Re: Changing the state of data checksums in a running cluster

Ayush Tiwari <ayushtiwari.slg01@gmail.com> — 2026-05-05T15:21:22Z

Hi,

On Tue, 5 May 2026 at 19:16, Daniel Gustafsson <daniel@yesql.se> wrote:

> > While further testing this feature, I realized that
> ProcessSingleRelationFork()
> > unconditionally called log_newpage_buffer() for every page of every
> relation
> > during pg_enable_data_checksums(). This included unlogged relations,
> > which by definition never generate WAL for data changes and are reset to
> their
> > init fork on any recovery.
>
>
> I've tested your patch, and also expanded the test you wrote a little with
> a
> persistence change.
>
>
I tested the patches, it mostly looks good.

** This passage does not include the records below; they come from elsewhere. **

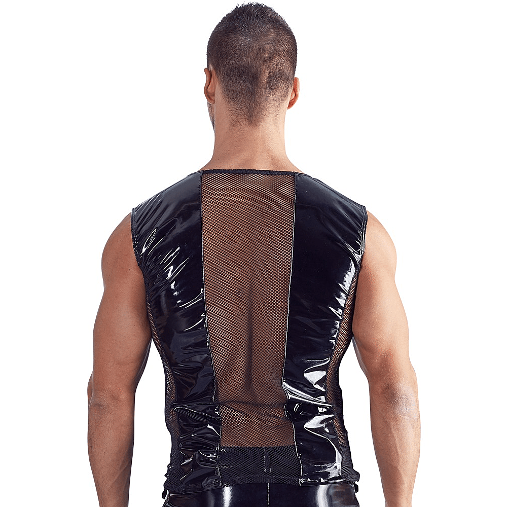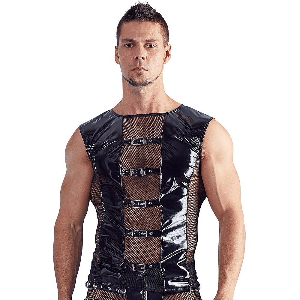 T-shirt en vinyle avec des inserts en maille et 5 sangles à l'avant.
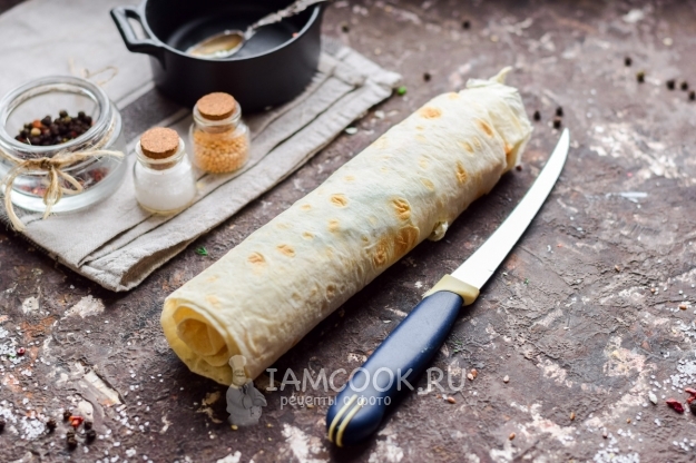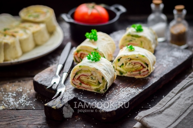 Свернуть лаваш рулетом и положить на полчаса в холодильник. После этого готовый рулет из лаваша с крабовыми палочками и крем-сыром необходимо нарезать кусочками и можно подавать к столу.
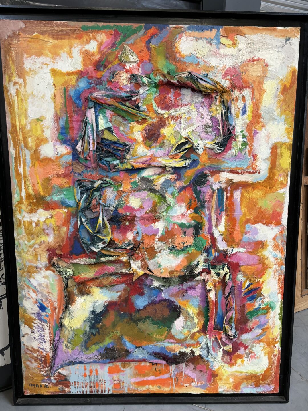 Jean-Noël IMAR (1943-2023). COmposition abstraite. Huile et collage sur toile marouflée sur panneau, signée et datée 82 en bas à gauche. 149 x 110 cm.

I've a small concern in 0001.  The new guard uses only
RelationNeedsWAL(reln),
but ProcessSingleRelationByOid() iterates all forks.  For unlogged
relations,
the init fork is special, there are several existing call sites that
preserve
WAL for INIT_FORKNUM, for example using

  RelationNeedsWAL(rel) || forknum == INIT_FORKNUM

and catalog/storage.c notes that unlogged init forks need WAL and sync.

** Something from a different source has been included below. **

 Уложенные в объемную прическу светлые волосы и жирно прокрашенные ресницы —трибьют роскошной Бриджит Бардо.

So I think the condition in ProcessSingleRelationFork() should preserve the
init-fork case, e.g.

  if (RelationNeedsWAL(reln) || forkNum == INIT_FORKNUM)
      log_newpage_buffer(buf, false);

It would also be good to extend the new test so it exercises a non-empty
init
fork, perhaps with an unlogged table that has an index, and then verifies
the
standby/recovery behavior.

0002 and 0003 look good to me.

Regards,
Ayush

Re: Changing the state of data checksums in a running cluster

Daniel Gustafsson <daniel@yesql.se> — 2026-05-05T19:08:30Z

> On 5 May 2026, at 17:21, Ayush Tiwari <ayushtiwari.slg01@gmail.com> wrote:

> I've a small concern in 0001.  The new guard uses only RelationNeedsWAL(reln),
> but ProcessSingleRelationByOid() iterates all forks.  For unlogged relations,
> the init fork is special, there are several existing call sites that preserve
> WAL for INIT_FORKNUM, for example using
> 
>   RelationNeedsWAL(rel) || forknum == INIT_FORKNUM
> 
> and catalog/storage.c notes that unlogged init forks need WAL and sync.
> 
> So I think the condition in ProcessSingleRelationFork() should preserve the
> init-fork case, e.g.
> 
>   if (RelationNeedsWAL(reln) || forkNum == INIT_FORKNUM)
>       log_newpage_buffer(buf, false);

Which failure scenario are you thinking about here?  When dealing with the
catalog relation I can see the need but here we are reading, and writing, data
pages.  In which case would we need to issue an FPI for an unlogged relation
init fork? I might be missing something obvious here.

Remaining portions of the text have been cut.